** RECORDS SHOWN follows **

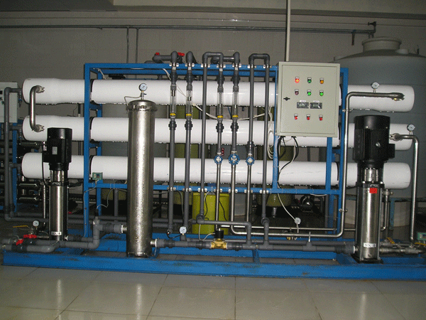 水機(jī)器為反滲  反滲透設(shè)備應(yīng)用膜分離技術(shù),能有效地去除水中的帶電離子、無(wú)機(jī)物、膠體微粒、細(xì)菌及有機(jī)物質(zhì)等。是高純水制備、苦咸水脫鹽和廢水處理工藝中的最佳設(shè)備。廣泛用于電子、醫(yī)藥、食品、輕紡、化工、發(fā)電等領(lǐng)域。鑫富淶反滲透設(shè)備是將原水經(jīng)過(guò)精細(xì)過(guò)濾器、顆;钚蕴歼^(guò)濾器、壓縮活性碳過(guò)濾器等,再通過(guò)泵加壓,利用孔徑為1/10000μm(相當(dāng)于大腸桿菌大小的1/6000,病毒的1/300)的反滲透膜(RO膜),使較高濃度的水變?yōu)榈蜐舛人?同時(shí)將工業(yè)污染物、重金屬、細(xì)菌、病毒等大量混入水中的雜質(zhì)全部隔離,從而達(dá)到飲用規(guī)定的理化指標(biāo)及衛(wèi)生標(biāo)準(zhǔn),產(chǎn)出至清至純的水,是人體及時(shí)補(bǔ)充優(yōu)質(zhì)水份的最佳選擇.由于RO反滲透技術(shù)生產(chǎn)的水純凈度是目前人類掌握的一切制水技術(shù)中最高的,潔凈度幾乎達(dá)到100%,所以人們稱這種產(chǎn)透純凈水機(jī)。
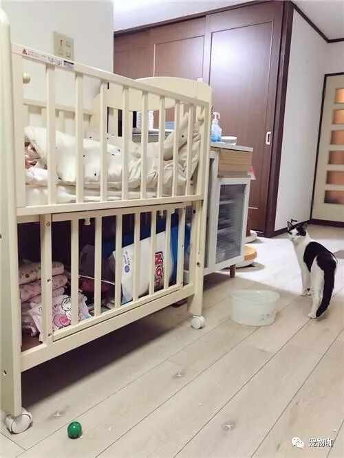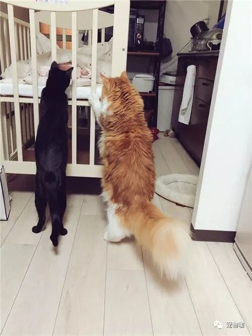 两只毛球趴在婴儿床边津津有味地看着眼前这位家庭新成员。
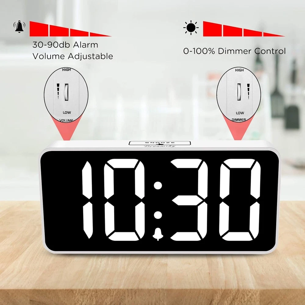 This clock is a total game-changer! The display is super bright and easy to read, but I love that I can dim it for bedtime. Waking up is so much gentler with the adjustable alarm volume, and having a USB port right on it is incredibly convenient. It's the perfect bedside companion!
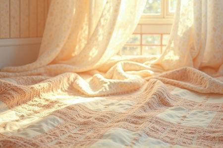Cozy sunlit bedroom with soft quilt and flowing curtains. That the image is generated using AI.
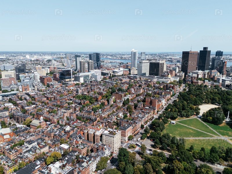 Аэрофотосъемка горизонта центра Бостона с небоскребами, исторической церковью и зеленой парковой авеню в солнечный день
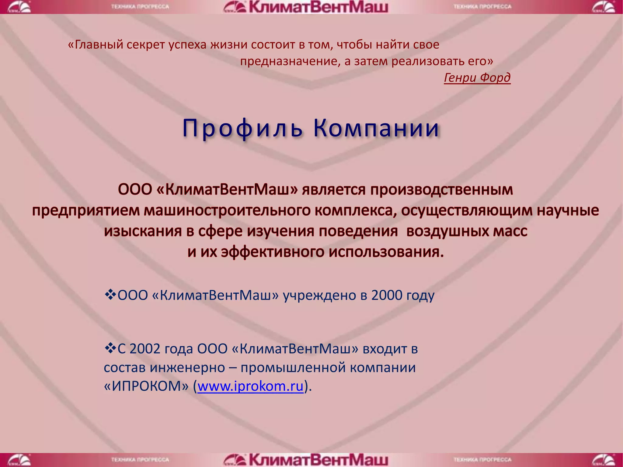 Компания 'Климатвентмаш', основанная в 2000 году, предлагает решения в области вентиляции и дымозащиты для различных объектов, включая жилые и коммерческие комплексы. Она ориентируется на улучшение качества продукции, развитие производственных мощностей и удовлетворение потребностей клиентов. В структуре компании имеются различные службы, такие как техническая, производственная и служба контроля качества, что способствует эффективному функционированию и постоянному совершенствованию.
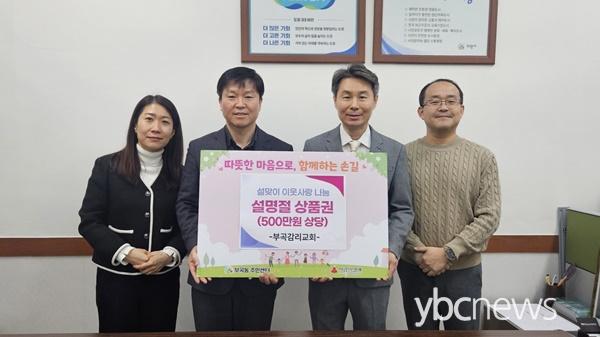 ÃÖ¼®¿ì ºÎ°îµ¿ÀåÀº ¡°¸Å³â Áö¿ª»çȸ¸¦ À§ÇØ µû¶æÇÑ ³ª´®À» ½ÇÃµÇØ Áֽô ºÎ°î°¨¸®±³È¸¿¡ ±íÀÌ °¨»çµå¸°´Ù¡±¸ç, ¡°¸íÀýÀÇ ±â»ÝÀ» ³ª´©´Â ¼±¹°ÀÌ µÉ »óǰ±ÇÀ» µµ¿òÀÌ ÇÊ¿äÇÑ ÀÌ¿ôµé¿¡°Ô Àß Àü´ÞÇϰڴ١±°í ¸»Çß´Ù.
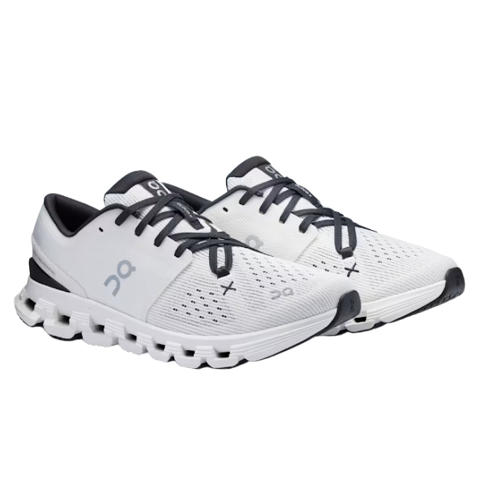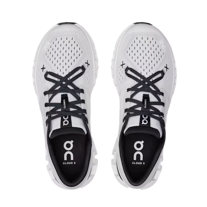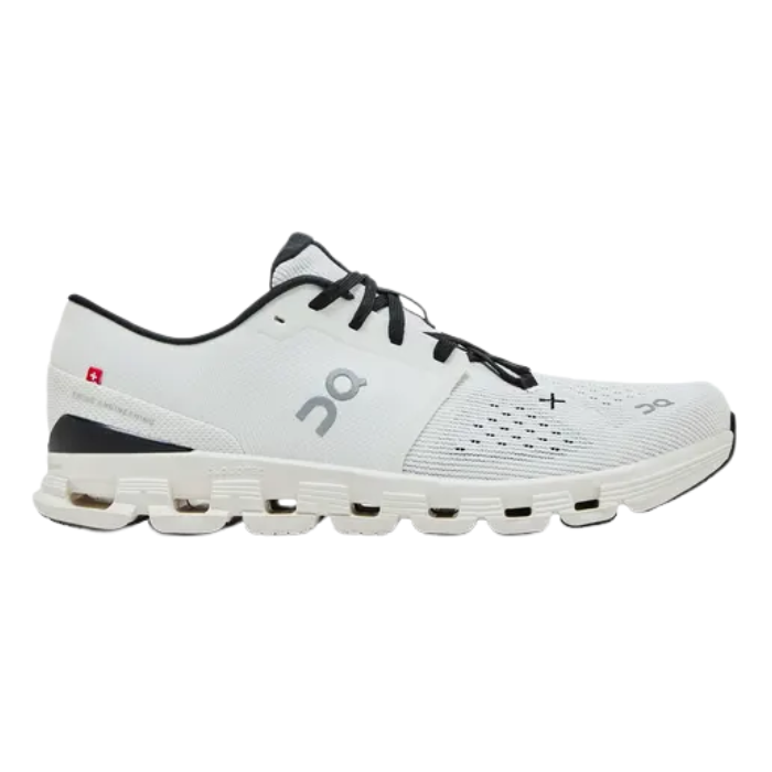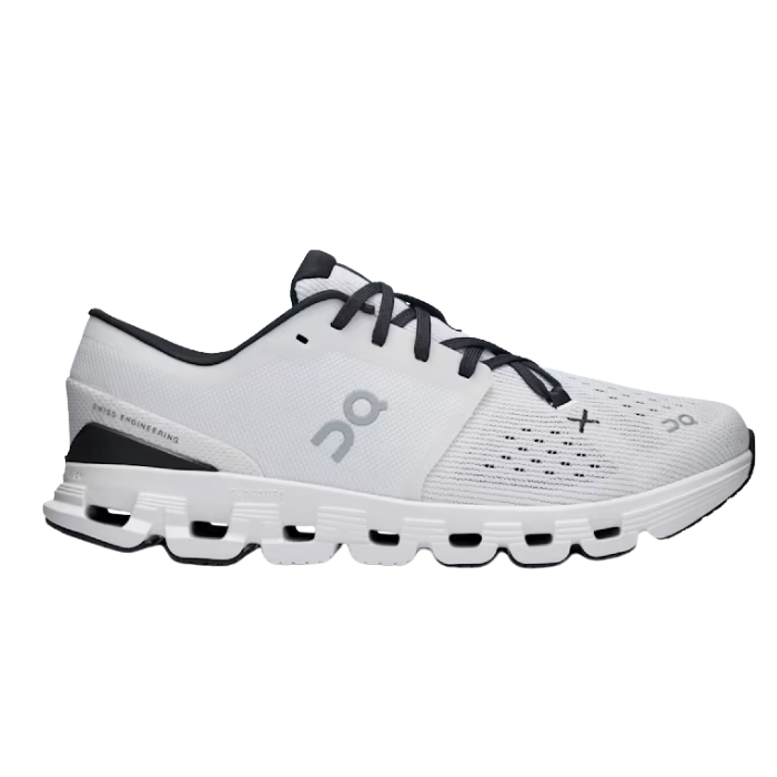 The On Running Cloud X 4 'Ivory Black' delivers versatile performance with CloudTec® cushioning and Helion™ superfoam, ensuring responsive comfort and soft landings. Its mesh upper, star lacing, X-shaped Speedboard®, and supportive midfoot cage offer agility, breathability, and a stable fit—perfect for workouts, runs, and all-day wear.
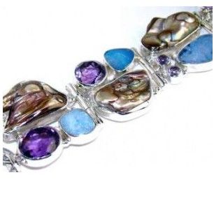 Silver & Biwa Pearl, Fire Opal and Amethyst Bracelet. Items are hand made as ordered so please allow 6 to 8 weeks for delivery.
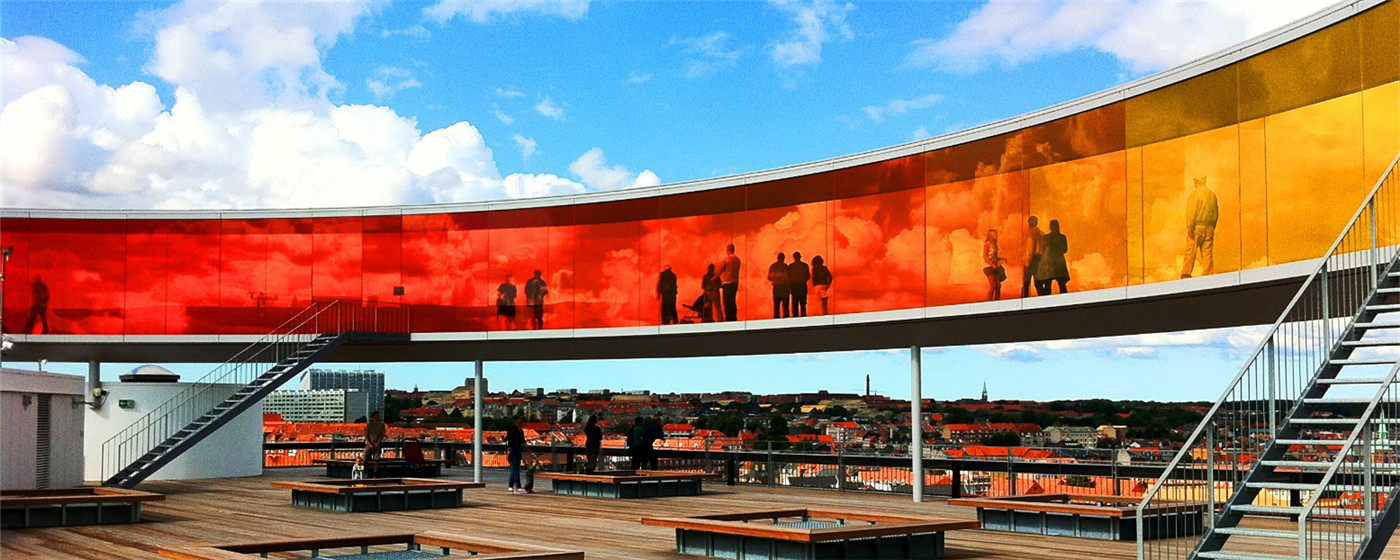 丹麦艺术家Olafur Eliasson悄悄地把天上的彩虹搬挪到了Aros Aarhus 美术馆屋顶。

** End of RECORDS SHOWN **

Starting at the line containing "This clock is" and finishing at the line containing "Компания 'Климатвентмаш', основанная", return those lines exactly as they appear above, without the pictures.

▶ _COMPLETED EXERCISE_:
 This clock is a total game-changer! The display is super bright and easy to read, but I love that I can dim it for bedtime. Waking up is so much gentler with the adjustable alarm volume, and having a USB port right on it is incredibly convenient. It's the perfect bedside companion!
Cozy sunlit bedroom with soft quilt and flowing curtains. That the image is generated using AI.
 Аэрофотосъемка горизонта центра Бостона с небоскребами, исторической церковью и зеленой парковой авеню в солнечный день
 Компания 'Климатвентмаш', основанная в 2000 году, предлагает решения в области вентиляции и дымозащиты для различных объектов, включая жилые и коммерческие комплексы. Она ориентируется на улучшение качества продукции, развитие производственных мощностей и удовлетворение потребностей клиентов. В структуре компании имеются различные службы, такие как техническая, производственная и служба контроля качества, что способствует эффективному функционированию и постоянному совершенствованию.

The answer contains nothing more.